Speaking with rights: How to best argue and counter

Discussing with right-wing people – is that even possible? Communication experts give tips for constructive conversations.

It was a completely normal conversation – until the acquaintancesuddenly talked about the fact that the children would no longer be able to go to the playground in the future because accommodation for refugees had been built at the other end of the town. “That came as a huge surprise to me because I had previously assessed the person differently,” remembers Helga B. Gundlach. She didn’t have much time to react at the time, he didcontinued talking, jumping from one topic to the next. “I was very taken with the person and I just thought, ‘Help, can someone help me?'”

Today Gundlach knows: That was slogan hopping; a method by which an interlocutor is bombarded with political views in a quick thematic monologue. A strategy that people with right-wing extremist views like to use to encourage othersto overwhelm, to absorb and to impress.

After the incident, Gundlach dealt with the situation. Today she is a communications coach and offers seminars and workshops that are about exactly that: speaking with rights. They don’t just hang out at demos and in certain networks. Political discussions can also escalate at work, in the family, among friends, acquaintances or during sports. What is the best way to deal with it? A few tips and tricks:

How do rights argue?

Anyone who wants to discuss political views should first know who they are talking to. Right-wing populists usually claim to represent the “will of the people” – thus presenting themselves as “close to the people”. The otherness of minorities and people with a migration background is always emphasized. Complex issues are presented in a simplified manner, both in terms of content and language.

The population’s fears, worries and needs serve as a basis for designing doomsday scenarios and presenting oneself as an alternative, solution or savior. Right-wing populist statements are not always based on empirical data (More on the topic of countering theses in the fact check). For the right, it is more about appealing to certain population groups emotionally – preferably when no justification is expected and they can present themselves as “people’s understanders”. In addition, there are other clues that suggest a person might be right-wing:

Generalizations, Framing and Stereotypes: Complex topics are generalized. Example of migration: Instead of talking about individual migrants, people talk about refugee flows in order to emphasize a supposed danger that comes from people. They are also attributed characteristics that do not apply to everyone.

Slogan hopping refers to a conversation pattern in which a person jumps from one topic to the next in a very short space of time. From the antipathy towards trans people, it goes directly to the danger posed by refugees who benefit from money that goes elsewheremissing, for example in schools or in agriculture, to man-made climate change, which does not exist. “The aim is to impress the other person with the supposed range of topics,” explains communications coach Gundlach.

Whataboutism and De-railing are used to distract from the actual topic. That means,For example, conversation partners respond with a counter question or take up a new topic in order to steer the discussion onto a different track.

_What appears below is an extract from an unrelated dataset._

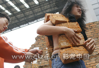見已經(jīng)無法前進,王軍沮喪地和朋友抱在一起,取消了穿過校園的計劃。由于有些不堪重負,再次出發(fā)后,他僅在脖子上掛上一塊磚。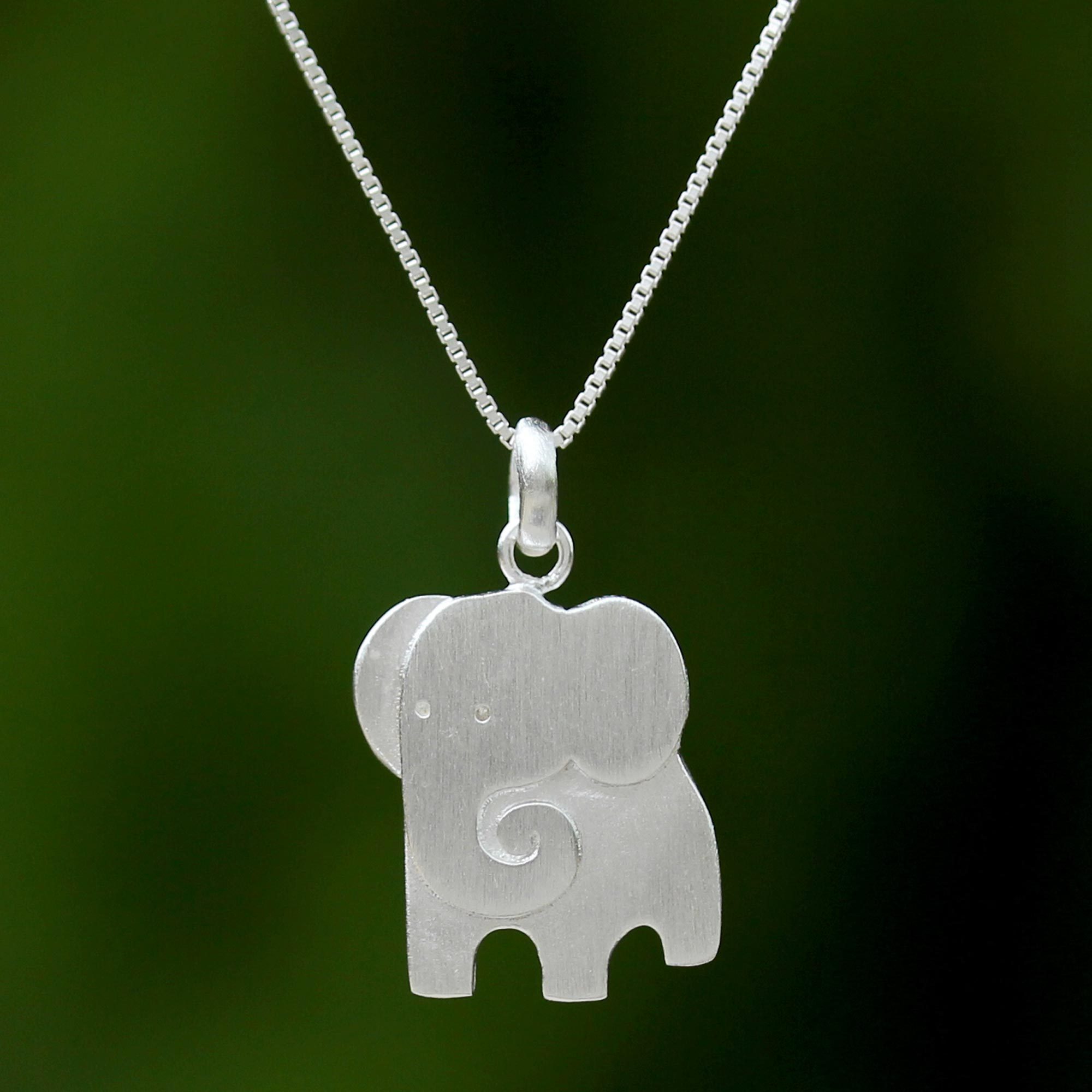 An elegant elephant is captured in relief, hanging from the neck in this pendant necklace from Thailand. Jantana designs the necklace, crafting it from layers of sterling silver for a 3D appearance. With a brushed-satin finish, the pendant hangs from a petite box chain.

Ethnicization and culturalization: Ethnic groups are valued and/or devalued. Characteristics are attributed to certain minorities (similar to stereotyping) in order to make them look worse compared to the majority (e.g. German citizens).

Pushing the boundaries of what can be said: Some people put forward a thesis or give an opinion, only to then immediately apologize for it and interject that they are no longer allowed to say that anymore and that they don’t actually mean it. However, the restrictions are only an illusion; the goal has already been achieved: “The message has been placed,” says Gundlach.

Using someone as a stage: With this strategy, the other person tells their own stories and arguments, but gives the other person hardly any opportunity to express themselves and position themselves. It’s mostly about being validated by the other person.

Are discussions even worth it?

“You shouldn’t leave such statements uncommented,” says communications trainer Gundlach. Because silence can be seen as silent consent. In any case, it makes sense to react. Even a simple contradiction is sufficient. However, you always have to be clear about who you are talking to. Is it a sympathizer or someone who is part of a right-wing network? If people don’t adhere to the rules of conversation, a discussion is almost impossible anyway.

Or do you meet a frightened person who simply repeats right-wing arguments and theses? It’s easier to have discussions with these people. And: “Privately at home, you still have the option of telling the person that they should not express themselves in this way in these rooms,” emphasizes Gundlach.

In public spaces, however, it is not so important to address the person who expresses right-wing slogans. “It’s often more important that people around you know that you don’t share a discriminatory statement in silence – whether in the supermarket queue, at the sports club, at a family celebration or at work.”

In the end, what matters is that you have positioned yourself at all – based on Erich Kästner’s motto: “We are not only responsible for what we do, but also for what we don’t do.”

How do I best argue?

“When you are surprised by right-wing theses and arguments, they are usually the first to help W-questions“, says the communications expert. One could react to the thesis “Migrants are alienating our country” as follows: How did you come to that conclusion? What experiences have you had with it? What scares you and do you have any suggestions for solutions? Where did you hear, see or… Here it makes sense to ask for the specific source – “on the Internet” is not a sufficient answer.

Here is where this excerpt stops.